=== PROBLEM STATEMENT ===
The line with "広めの公園。猫を追加予定だけれど、とりあえずそのまま描いてました。" starts the range, and the last line of the listing ends it. Retype that range exactly, without pictures.

-*-*-

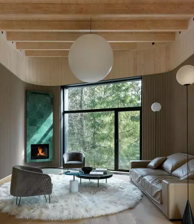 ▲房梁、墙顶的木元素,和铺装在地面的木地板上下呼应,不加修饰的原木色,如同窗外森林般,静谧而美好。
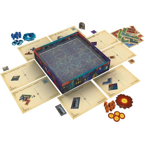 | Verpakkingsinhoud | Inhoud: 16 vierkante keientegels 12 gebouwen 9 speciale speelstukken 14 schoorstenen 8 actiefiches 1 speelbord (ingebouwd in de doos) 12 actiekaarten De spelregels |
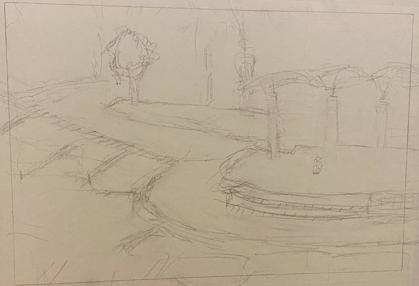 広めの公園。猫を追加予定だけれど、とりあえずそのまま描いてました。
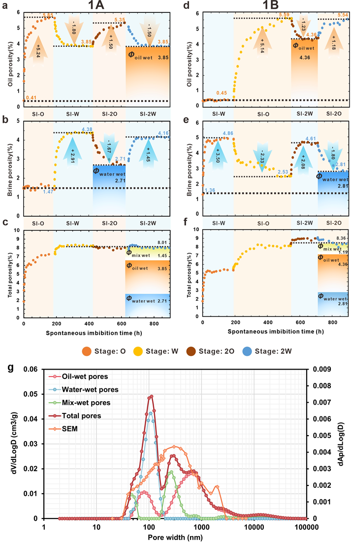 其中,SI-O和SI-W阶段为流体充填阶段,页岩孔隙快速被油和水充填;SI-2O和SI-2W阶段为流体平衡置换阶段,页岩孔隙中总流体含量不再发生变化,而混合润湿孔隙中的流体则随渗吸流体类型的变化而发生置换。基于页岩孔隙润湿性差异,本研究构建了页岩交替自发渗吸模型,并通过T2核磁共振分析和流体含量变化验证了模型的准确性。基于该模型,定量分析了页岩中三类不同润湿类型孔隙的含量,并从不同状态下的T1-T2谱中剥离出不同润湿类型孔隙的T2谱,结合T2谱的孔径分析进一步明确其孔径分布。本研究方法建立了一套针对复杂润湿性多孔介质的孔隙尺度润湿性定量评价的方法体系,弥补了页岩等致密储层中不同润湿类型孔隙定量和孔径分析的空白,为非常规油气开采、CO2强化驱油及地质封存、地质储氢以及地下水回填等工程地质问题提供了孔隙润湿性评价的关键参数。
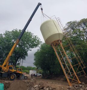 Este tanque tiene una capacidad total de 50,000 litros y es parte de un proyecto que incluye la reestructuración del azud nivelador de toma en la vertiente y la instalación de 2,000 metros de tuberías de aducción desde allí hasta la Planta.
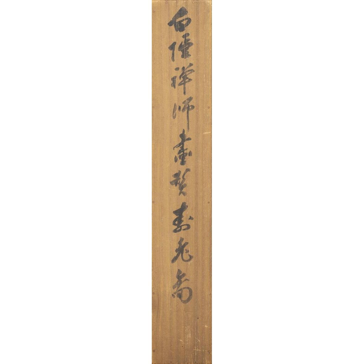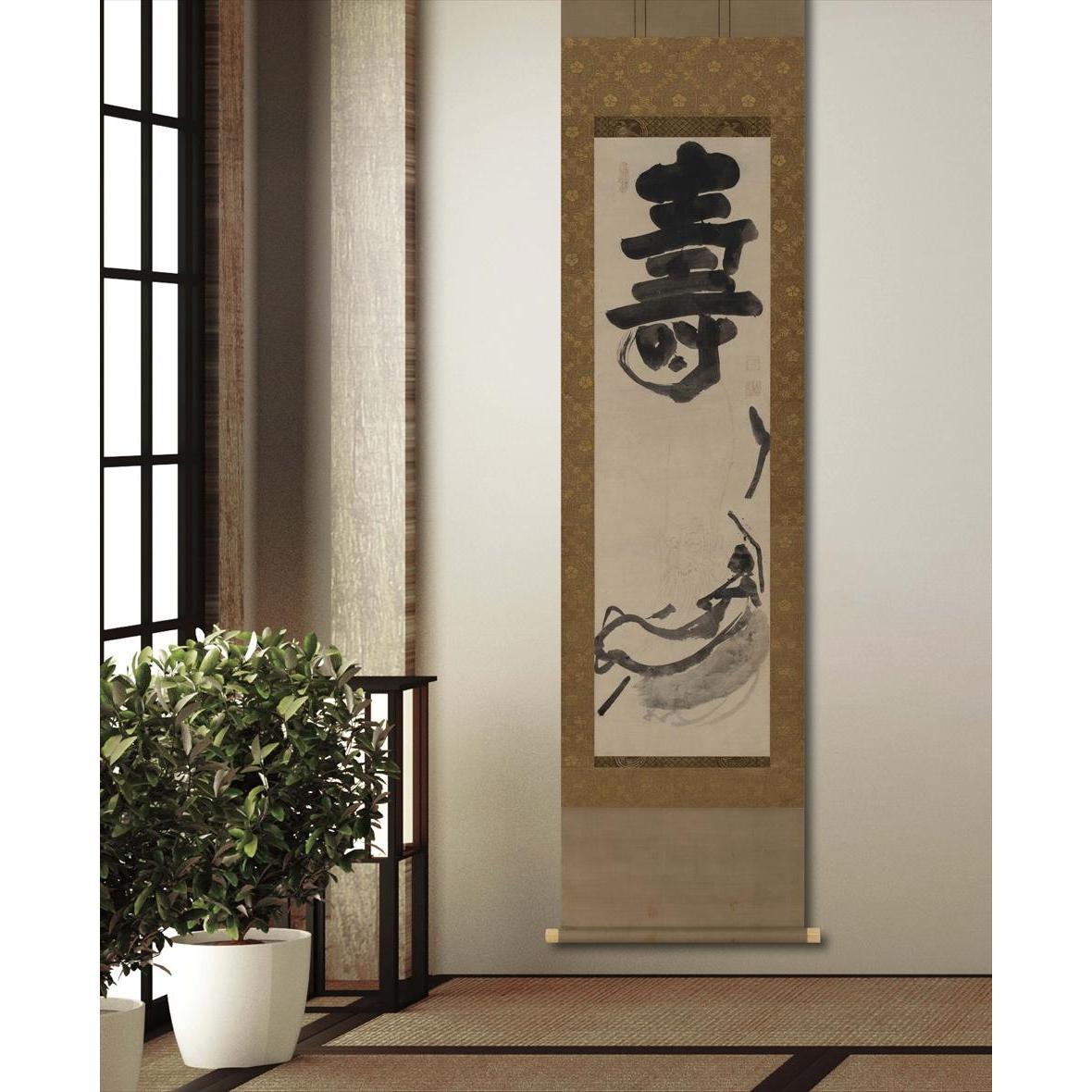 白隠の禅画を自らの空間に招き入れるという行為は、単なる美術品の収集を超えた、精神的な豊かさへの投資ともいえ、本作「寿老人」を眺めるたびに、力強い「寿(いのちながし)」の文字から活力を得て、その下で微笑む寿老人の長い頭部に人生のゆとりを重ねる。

-*-*-

=== EXERCISE ANSWER ===
 広めの公園。猫を追加予定だけれど、とりあえずそのまま描いてました。
 其中,SI-O和SI-W阶段为流体充填阶段,页岩孔隙快速被油和水充填;SI-2O和SI-2W阶段为流体平衡置换阶段,页岩孔隙中总流体含量不再发生变化,而混合润湿孔隙中的流体则随渗吸流体类型的变化而发生置换。基于页岩孔隙润湿性差异,本研究构建了页岩交替自发渗吸模型,并通过T2核磁共振分析和流体含量变化验证了模型的准确性。基于该模型,定量分析了页岩中三类不同润湿类型孔隙的含量,并从不同状态下的T1-T2谱中剥离出不同润湿类型孔隙的T2谱,结合T2谱的孔径分析进一步明确其孔径分布。本研究方法建立了一套针对复杂润湿性多孔介质的孔隙尺度润湿性定量评价的方法体系,弥补了页岩等致密储层中不同润湿类型孔隙定量和孔径分析的空白,为非常规油气开采、CO2强化驱油及地质封存、地质储氢以及地下水回填等工程地质问题提供了孔隙润湿性评价的关键参数。
 Este tanque tiene una capacidad total de 50,000 litros y es parte de un proyecto que incluye la reestructuración del azud nivelador de toma en la vertiente y la instalación de 2,000 metros de tuberías de aducción desde allí hasta la Planta.
 白隠の禅画を自らの空間に招き入れるという行為は、単なる美術品の収集を超えた、精神的な豊かさへの投資ともいえ、本作「寿老人」を眺めるたびに、力強い「寿(いのちながし)」の文字から活力を得て、その下で微笑む寿老人の長い頭部に人生のゆとりを重ねる。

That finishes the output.